RAW DATA ▸

# # # # #

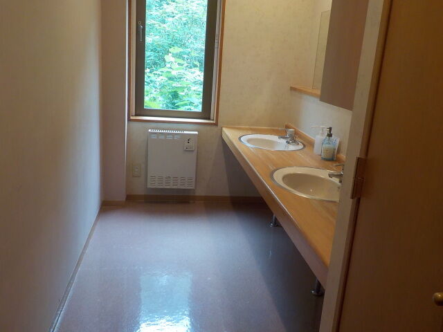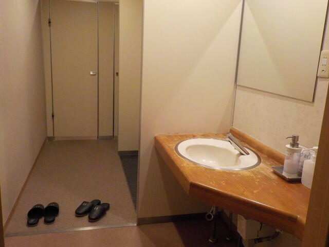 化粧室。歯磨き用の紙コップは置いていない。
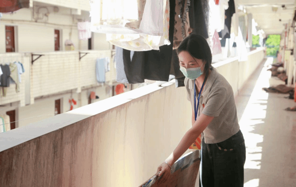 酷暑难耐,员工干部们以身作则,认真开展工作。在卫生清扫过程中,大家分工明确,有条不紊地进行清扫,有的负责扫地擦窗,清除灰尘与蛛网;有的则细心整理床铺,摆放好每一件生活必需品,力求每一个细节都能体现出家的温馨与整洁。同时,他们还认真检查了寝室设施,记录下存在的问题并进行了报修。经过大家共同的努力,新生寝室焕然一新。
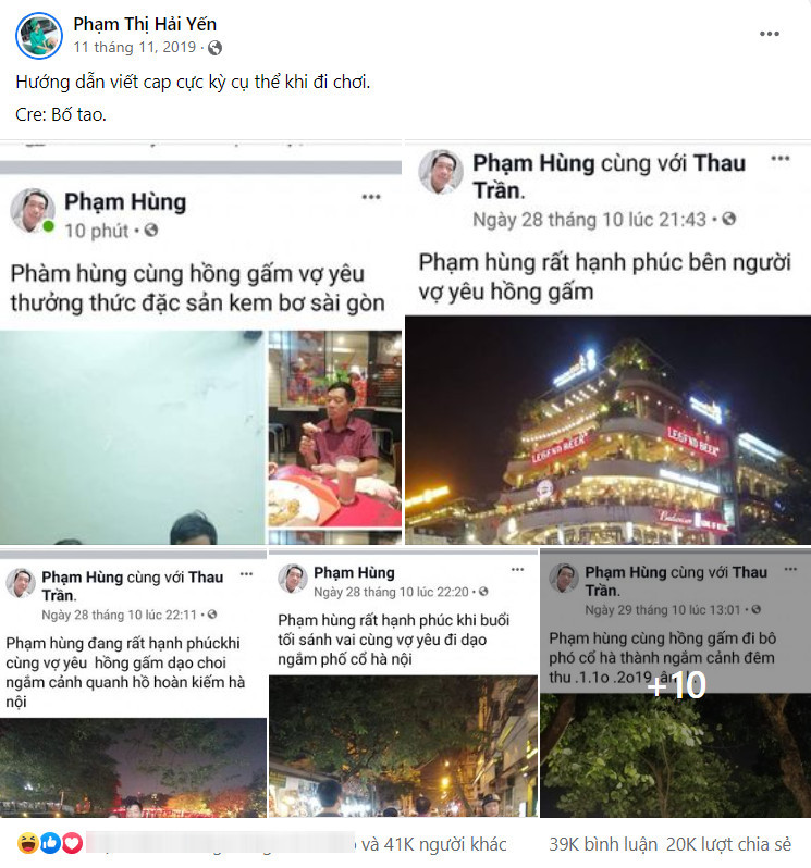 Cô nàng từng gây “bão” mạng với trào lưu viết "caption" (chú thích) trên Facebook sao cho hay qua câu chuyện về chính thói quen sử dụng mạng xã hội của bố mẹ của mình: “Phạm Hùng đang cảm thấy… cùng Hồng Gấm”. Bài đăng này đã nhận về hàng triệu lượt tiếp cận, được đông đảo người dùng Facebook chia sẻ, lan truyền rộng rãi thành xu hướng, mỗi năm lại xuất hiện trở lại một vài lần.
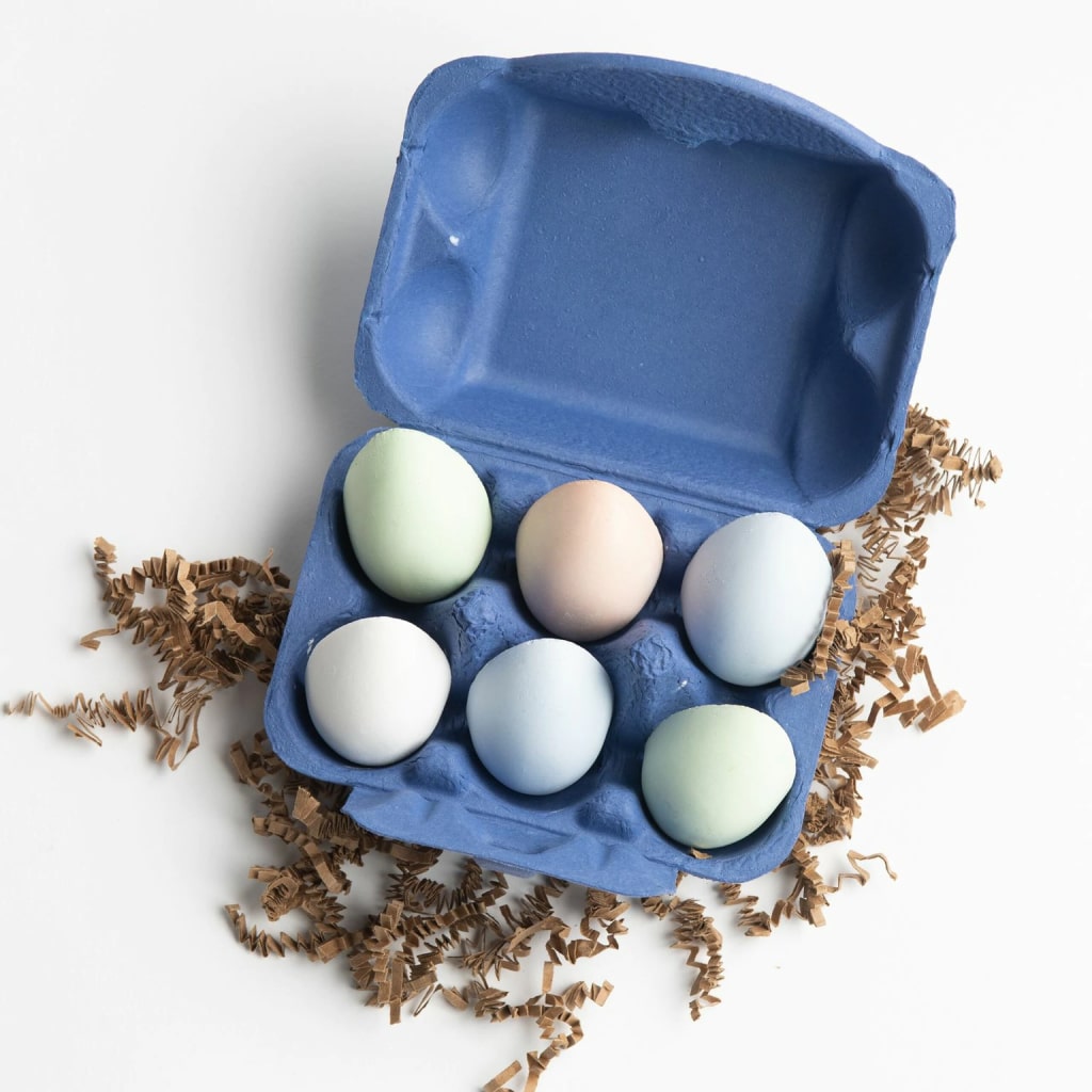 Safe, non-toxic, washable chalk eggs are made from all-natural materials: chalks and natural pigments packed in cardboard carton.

# # # # #

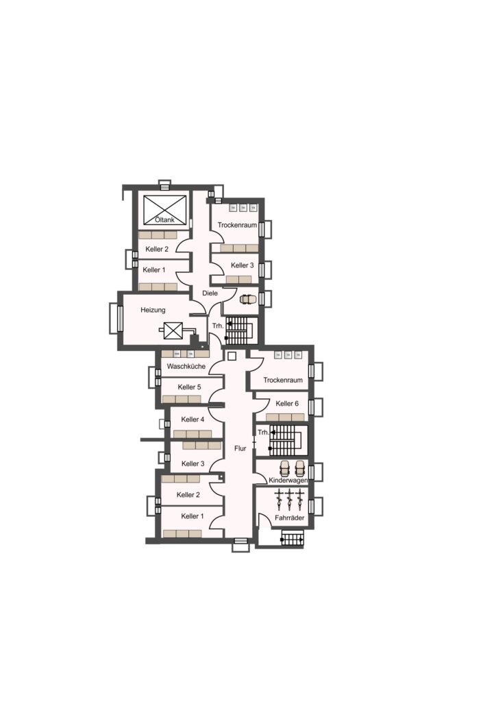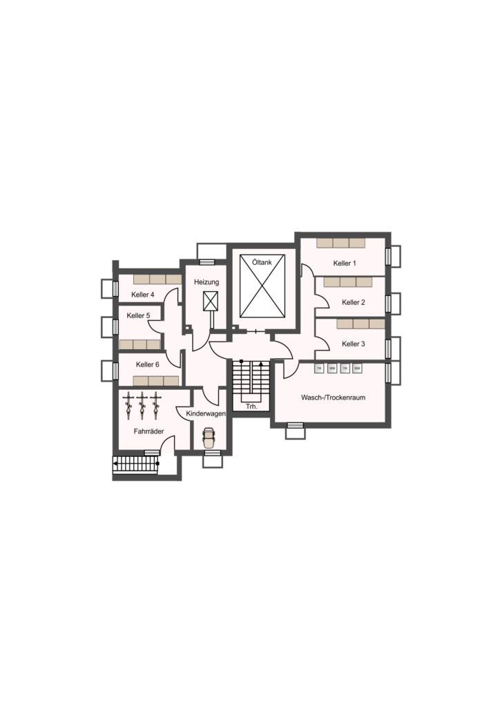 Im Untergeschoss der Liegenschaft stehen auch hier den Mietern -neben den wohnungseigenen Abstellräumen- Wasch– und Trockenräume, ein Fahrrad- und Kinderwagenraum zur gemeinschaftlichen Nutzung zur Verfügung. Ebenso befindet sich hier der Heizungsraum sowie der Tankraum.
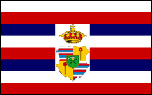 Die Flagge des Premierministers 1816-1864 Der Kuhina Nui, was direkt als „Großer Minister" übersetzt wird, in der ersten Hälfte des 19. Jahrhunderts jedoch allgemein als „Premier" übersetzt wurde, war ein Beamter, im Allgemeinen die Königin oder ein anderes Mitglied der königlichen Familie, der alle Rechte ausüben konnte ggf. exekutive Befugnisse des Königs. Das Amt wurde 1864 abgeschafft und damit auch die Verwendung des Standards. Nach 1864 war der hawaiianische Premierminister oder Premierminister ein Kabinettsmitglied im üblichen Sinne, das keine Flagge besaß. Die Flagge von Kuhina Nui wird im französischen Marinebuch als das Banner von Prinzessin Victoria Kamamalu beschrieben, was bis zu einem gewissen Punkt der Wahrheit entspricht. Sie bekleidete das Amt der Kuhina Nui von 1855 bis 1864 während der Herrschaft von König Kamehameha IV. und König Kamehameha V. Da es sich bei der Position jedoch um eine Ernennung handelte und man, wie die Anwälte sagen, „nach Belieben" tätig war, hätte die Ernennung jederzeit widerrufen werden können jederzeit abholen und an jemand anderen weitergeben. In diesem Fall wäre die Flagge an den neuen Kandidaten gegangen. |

# # # # #

Starting with the line that contains "酷暑难耐,员工干部们以身作则" and finishing with the line that contains "Safe, non-toxic, washable", reproduce every line of the material above exactly, but not the pictures.

 酷暑难耐,员工干部们以身作则,认真开展工作。在卫生清扫过程中,大家分工明确,有条不紊地进行清扫,有的负责扫地擦窗,清除灰尘与蛛网;有的则细心整理床铺,摆放好每一件生活必需品,力求每一个细节都能体现出家的温馨与整洁。同时,他们还认真检查了寝室设施,记录下存在的问题并进行了报修。经过大家共同的努力,新生寝室焕然一新。
 Cô nàng từng gây “bão” mạng với trào lưu viết "caption" (chú thích) trên Facebook sao cho hay qua câu chuyện về chính thói quen sử dụng mạng xã hội của bố mẹ của mình: “Phạm Hùng đang cảm thấy… cùng Hồng Gấm”. Bài đăng này đã nhận về hàng triệu lượt tiếp cận, được đông đảo người dùng Facebook chia sẻ, lan truyền rộng rãi thành xu hướng, mỗi năm lại xuất hiện trở lại một vài lần.
 Safe, non-toxic, washable chalk eggs are made from all-natural materials: chalks and natural pigments packed in cardboard carton.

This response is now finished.